Heatmap of Jamal Musiala in the match against Cologne (matchday 34): substituted in the 85th minute, plays more in the right half-space, only briefly in his typical position (left half-space), scores the 2:1 winning goal from there (left edge of the penalty area) to win the championship. Direction of play from left to right.

Until now, many scientists and coaches have had to rely on video footage for their match analyses in professional soccer in order to evaluate performances and study opponents. Employees of the Institute of Exercise Training and Sport Informatics at the German Sport University Cologne, in collaboration with the DFL German Football League, have now been able to partially close this gap by providing data from selected matches.
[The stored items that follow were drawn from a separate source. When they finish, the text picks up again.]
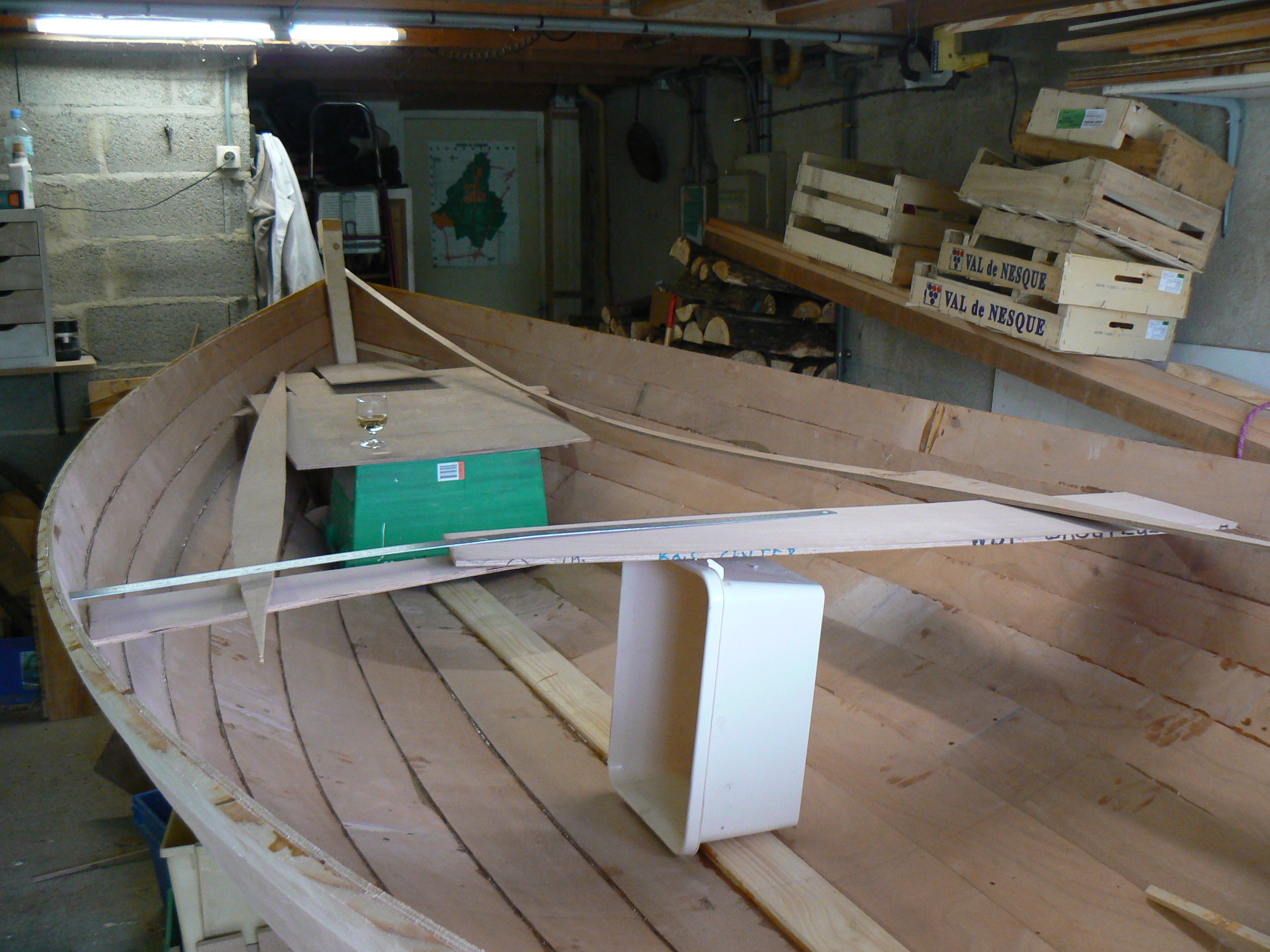 Alors.... la "bête" est complétement bordée.... et on pas (encore) une p'tite photo du retournement...voire de l'étuve a membrures.... je piaffe :smt033
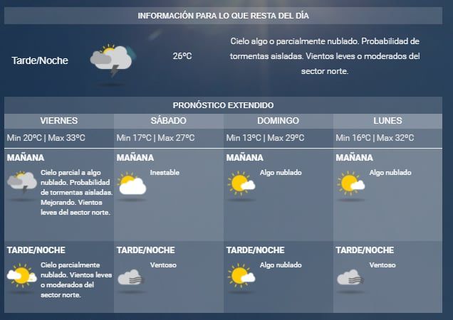 En tanto, este sábado será una jornada con nubosidad variable y tormentas aisladas, que traerán un descenso de la temperatura. La máxima se prevé en 31 grados.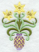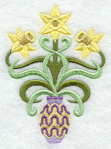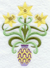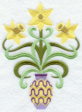 Daffodils bloom brightly inside a classic Art Deco vase. Plant them on towels, tote bags, and table linens for a fresh and stylish look.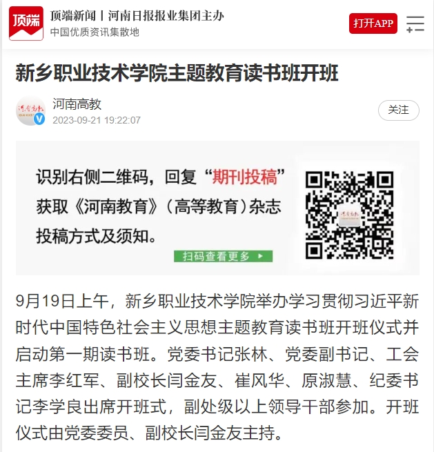 【顶端新闻】新乡职业技术学院主题教育读书班开班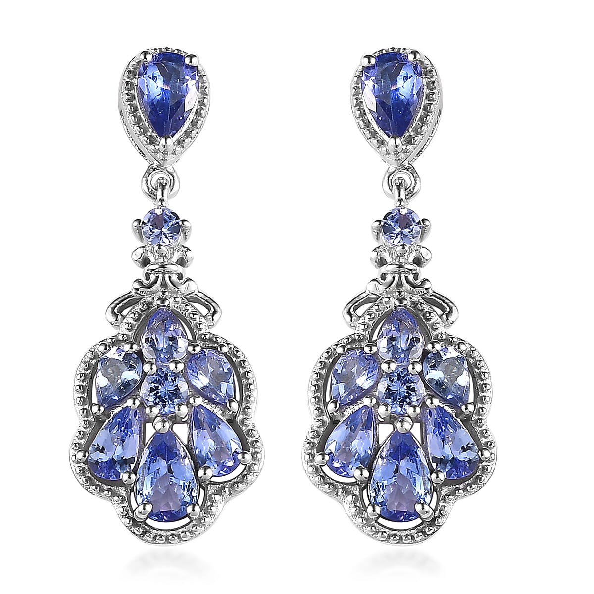 Tanzanite Dangle Earrings in Platinum Over Sterling Silver 3.50 ctw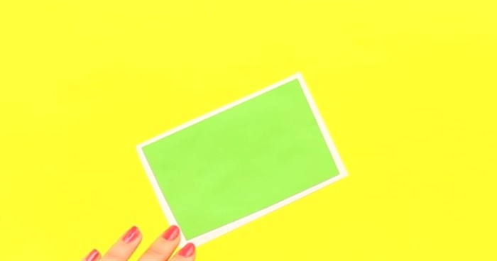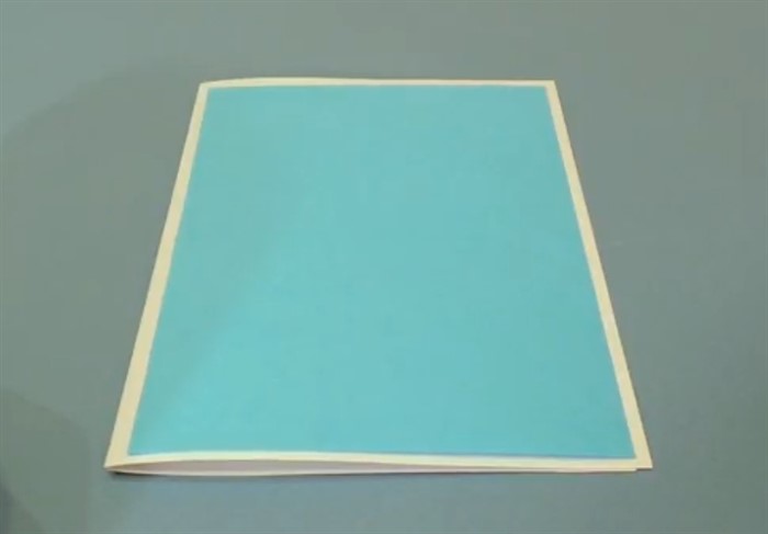 2. Вырежьте прямоугольник цветной бумаги размерами 5х10 см, а белой — прямоугольник 5,5х10,5 см. Склейте между собой. По желанию напишите на бумаге поздравление.

The official match data will be published in the journal Scientific Data in mid-February under the title "An integrated dataset of spatiotemporal and event data in elite soccer". "Data-driven match analysis in soccer is a growing discipline in both research and practice. However, there is hardly any public data available, which increases the barrier to entry into this field and reduces the reproducibility of methods and results," says Prof. Dr. Daniel Memmert, Head of the Institute of Exercise Training and Sport Informatics at the German Sport University Cologne, describing the initial situation. Memmert and his colleagues Manuel Bassek, Robert Rein and Hendrik Weber are therefore all the more pleased to be able to publish a data set with official match information, event and position data in a renowned journal. This involves two Bundesliga matches and five 2. Bundesliga matches in the 2022/23 season.

The match information contains metadata on the matches and their participants. The event data includes timestamps and descriptions of individual events such as passes, shots or fouls. The position data includes the x/y coordinates of each player and the ball, so that the players' routes and the movement of the ball can be traced exactly. By integrating multiple data modalities - i.e. event logs with timestamps and x/y coordinates of player and ball positions - the dataset provides a multi-dimensional view of the game dynamics.

This data set is intended to help test existing analysis techniques and develop new methods for sports analysis. "We are making the data available under the Creative Commons license CC-BY 4.0. In doing so, we want to promote innovation, reproducibility and open science in match analysis research," says Dr. Hendrik Weber from the DFL's Sports Technology & Innovation Directorate. This also ties in with a current research project by Prof. Daniel Memmert's team, which was and is funded by the Federal Ministry of Education and Research (BMBF) and the German Research Foundation (DFG): The new platform for sports data analysis "floodlight" includes data processing processes to simplify and standardize performance indicators and was also designed as a freely accessible package.

Source:

Bassek, M., Rein, R., Weber, H., & Memmert, D. (2025). An integrated dataset of spatiotemporal and event data in elite soccer. Scientific Data, 12(1), 195.